My people will die in darkness, and they will go a long path to other hunting grounds. No white man will go with them, and no White Man's Book make the way plain. I have no more words.
They left. Rabbit-skin Leggins reached his people; No-horns-on-his-head fell upon the trail and died.
But his words lived. As translated into English, they were printed in Eastern papers, and aroused great desire among the churches to give them the right answer. Should these Indians beyond the mountains remain in darkness? No!
Missionaries were called for, to carry the Book and the Word to the Columbia River. In the spring of 1834 the first party, of four Methodists, set out; others followed, the next year; soon the Roman Catholic church sent its Black Robes; and the Pierced Noses and their kin the Flatheads were made glad.

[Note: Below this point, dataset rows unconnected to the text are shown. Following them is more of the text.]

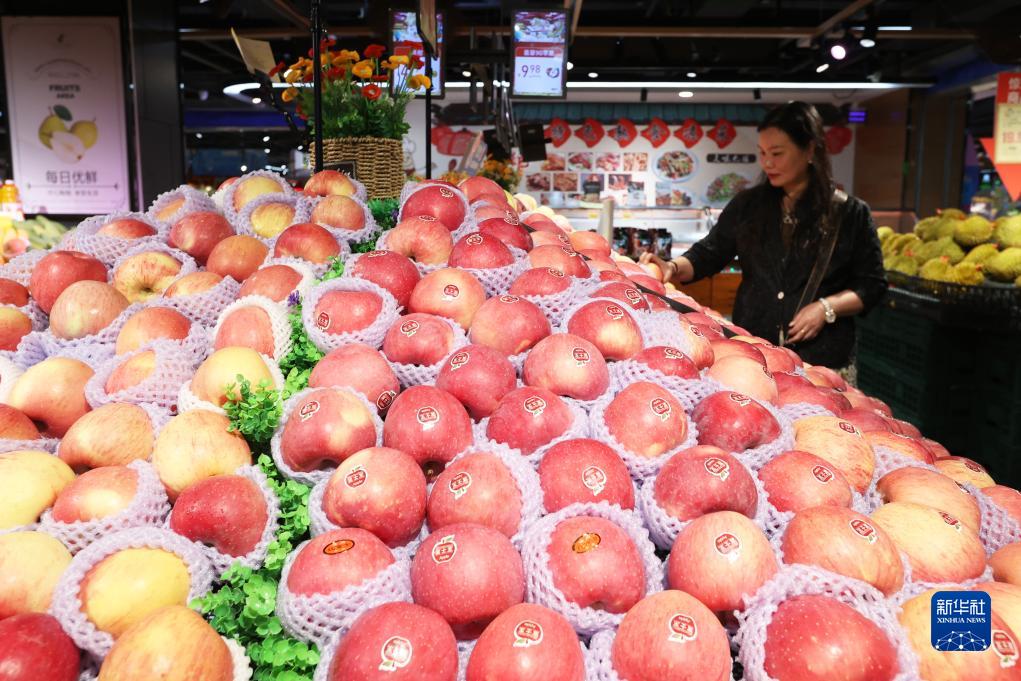 消费者在贵州省岑巩县一家超市内选购水果(6月9日摄)。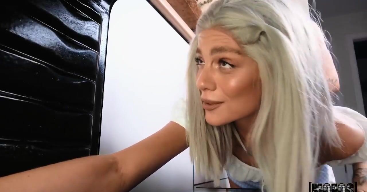 «Парень знает, что нужно делать, когда его привлекательная девушка застревает в духовке. Русская худышка собиралась заняться готовкой, но что-то пошло не так. Она стояла раком на кухне и её короткая юбка поднялась, так что упругая попка сексуально оголилась. Бойфренд не стал тянуть время, он отодвинул трусики девки в сторону и вставил член в её пизду, принимаясь активно трахать проказницу. Худышка ещё и минет ему сделала.»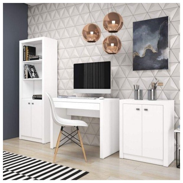 Para quem pensa em praticidade, beleza e funcionalidade, este é o ambiente perfeito. É composto pelos itens necessários para que você possa montar seu escritório, sendo eles: 1 balcão, 1 mesa e 1 estante.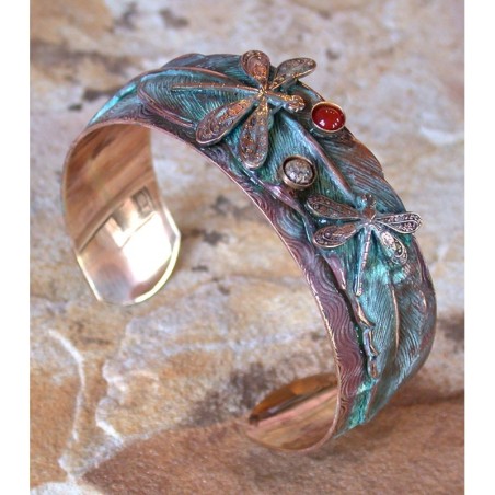Verdigris Patina Solid Brass Dragonflies on Feather Cuff - Turquoise, Carnelian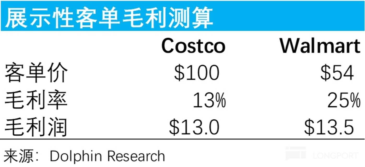 如下表的展示性测算,Costco 和 Walmart 平均从单次用户购物中获取的毛利润额都大约是 $13 左右。此处仅是初步引出此点,关于成本端的会另文再详细讨论。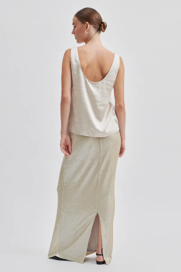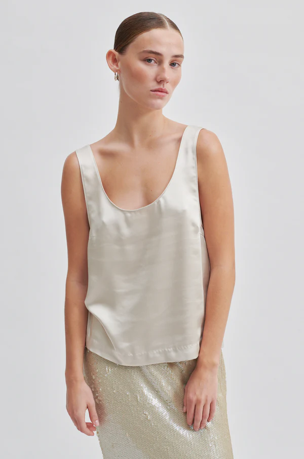 Top sin mangas de satén. Confeccionado en satén suave y sedoso, con una calidad drapeada. Ajuste regular, para una silueta relajada y fluida.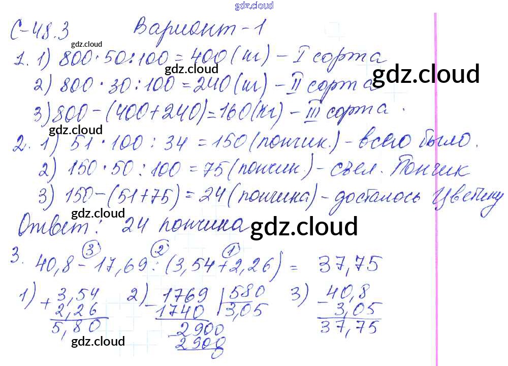 Ответы к СР-48.3 по Математике 5 класс Самостоятельные работы Зубарева Мнемозина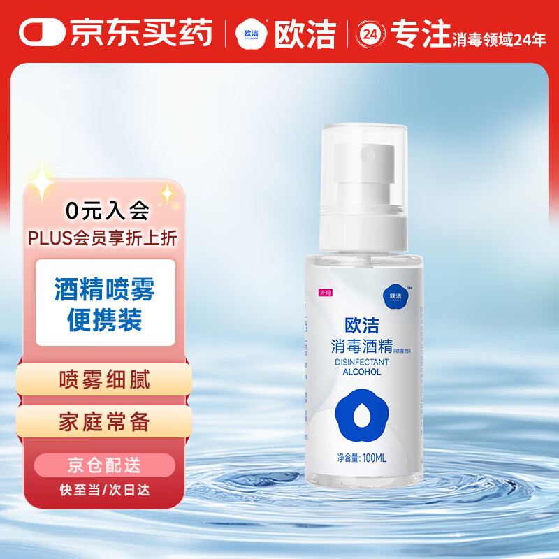 欧洁75%酒精喷雾100ml便携装 杀菌消毒免洗速干洗手液居家办公抑菌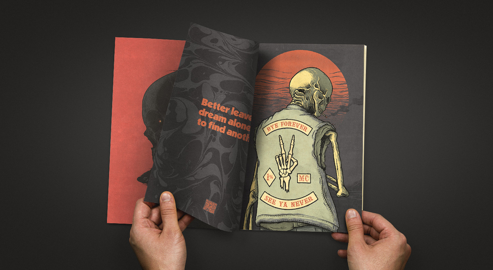 Feast your eyes upon 40 pages of vintage-inspired illustrations. This 170mm x 250mm digitally printed zine comes printed on staple-bound 55 gsm improved paper for a timeless look and feel. Each illustrated vignette is accompanied by a lyric from the song that inspired it, as well as a QR code to that song on Spotify.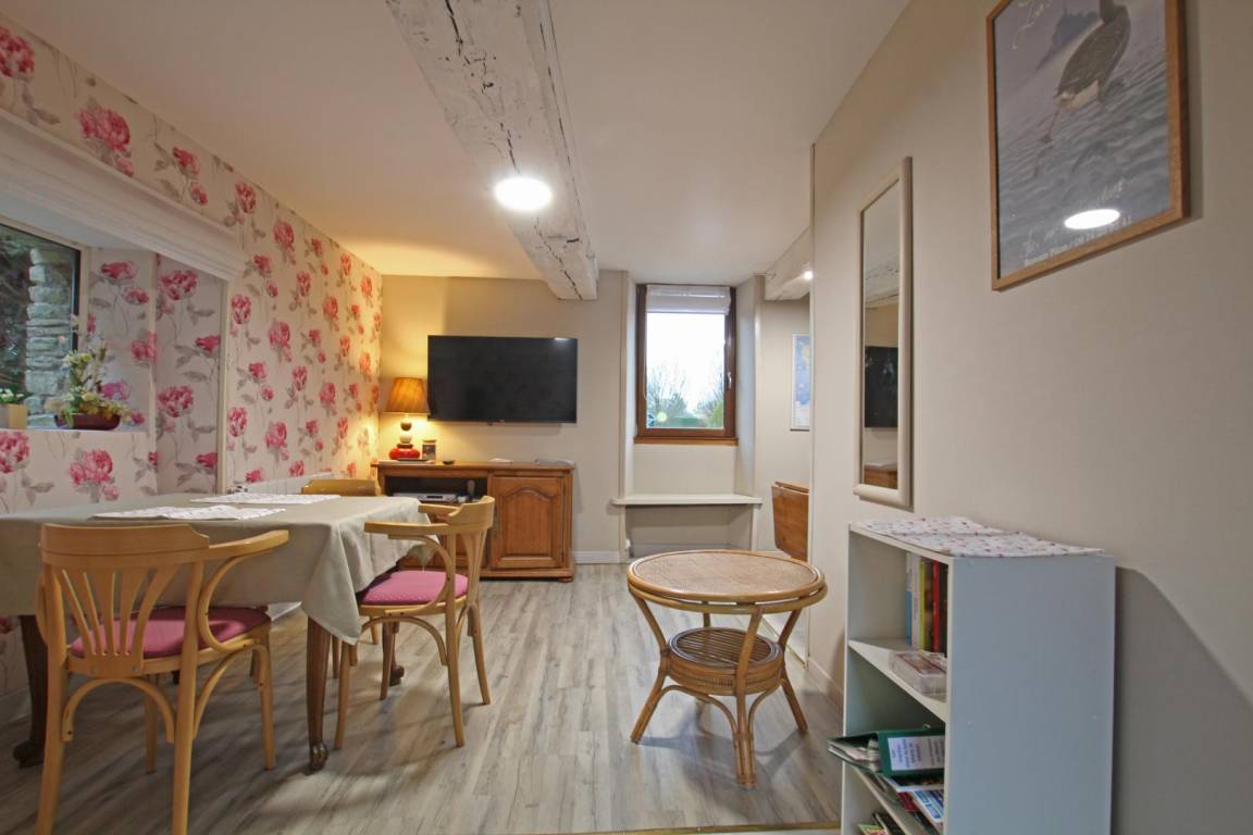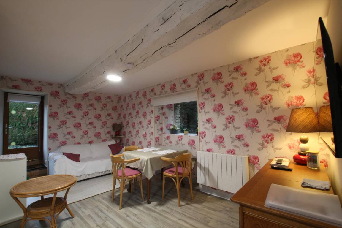 An das Haus der Eigentümer angrenzendes Haus. Erdgeschoss: Wohnzimmer. Kochnische. Duschraum und separates WC. Obergeschoss: Schlafzimmer mit 1 Doppelbett. Fernseher. DVD-Player. WLAN. Hochwertige Elektroheizung inklusive. Bettwäsche und Haushaltswäsche werden gestellt und die Betten bei Ankunft bezogen. Waschmaschine und Trockner in der Nähe der Gîte. Babybett auf Anfrage. Reinigungsservice gegen Aufpreis. Großer angelegter Garten zur gemeinsamen Nutzung mit den Gästezimmern. Terrasse. Unterstand für Fahrräder und Motorräder. Möglichkeit, Fahrräder mit Lieferung zur Gîte zu mieten. Garage. Label „Gîte au jardin". Label „Accueil vélo". Für Telearbeit geeignete Unterkunft (eigener Bereich mit Schreibtisch, Stuhl, Lampe, 4G-Internetverbindung, Steckdosen in der Nähe).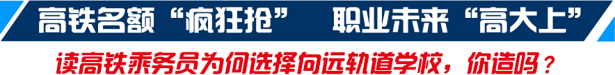 有人对梦想充满向往,有人对生活满怀期望,有人对工作怀着梦想……向往、期望、梦想,向远轨道学校高铁乘务员定向培养班,给你提供实现它的舞台,为你指引实现它的方向,替你架起成功桥梁,让你真正实现未来人生的“高大上”!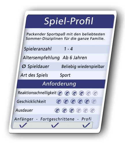 Mit Summer Athletics geht es wieder sportlich in heimischen Wohnzimmern zu: Spannende Wettkämpfe in über 25 der beliebtesten Sommersportdisziplinen wie z. B. Sprinten, Hürdenlauf, Radfahren, Bogenschiessen, Speerwerfen, Hammerwerfen oder Schwimmen sorgen für lang anhaltenden Spielspass. Summer Athletics wird ein actiongeladener Mehrspieler-Spass für die ganze Familie. Die intuitive Steuerung wurde dabei optimal an die Möglichkeiten der jeweiligen Plattform angepasst. Vier unterschiedliche Schwierigkeitsgrade sorgen dafür, dass sowohl Viel- als auch Gelegenheitsspieler ihren Spass haben. Ein Charaktereditor, Karrieremodus, eine überzeugende 3D-Grafik, realistische Animationen der Sportler sowie eine imposante Stadionatmosphäre zeichnen das Spiel aus und tragen zu einem ganz besonderen Flair von Summer Athletics bei.

Not in vain had their warriors died, while seeking the road to the white man's heaven.
CHAPTER XIX
A TRAVELER TO WASHINGTON (1831-1835)
WIJUNJON, THE "BIG LIAR" OF THE ASSINIBOINS
The Assiniboins are of the great Sioux family. Today there are in the United States about one thousand of them. But when they were a free and powerful people they numbered as high as ten thousand, and ranged far—from the Missouri River in northern North Dakota and northern Montana clear into Canada, above.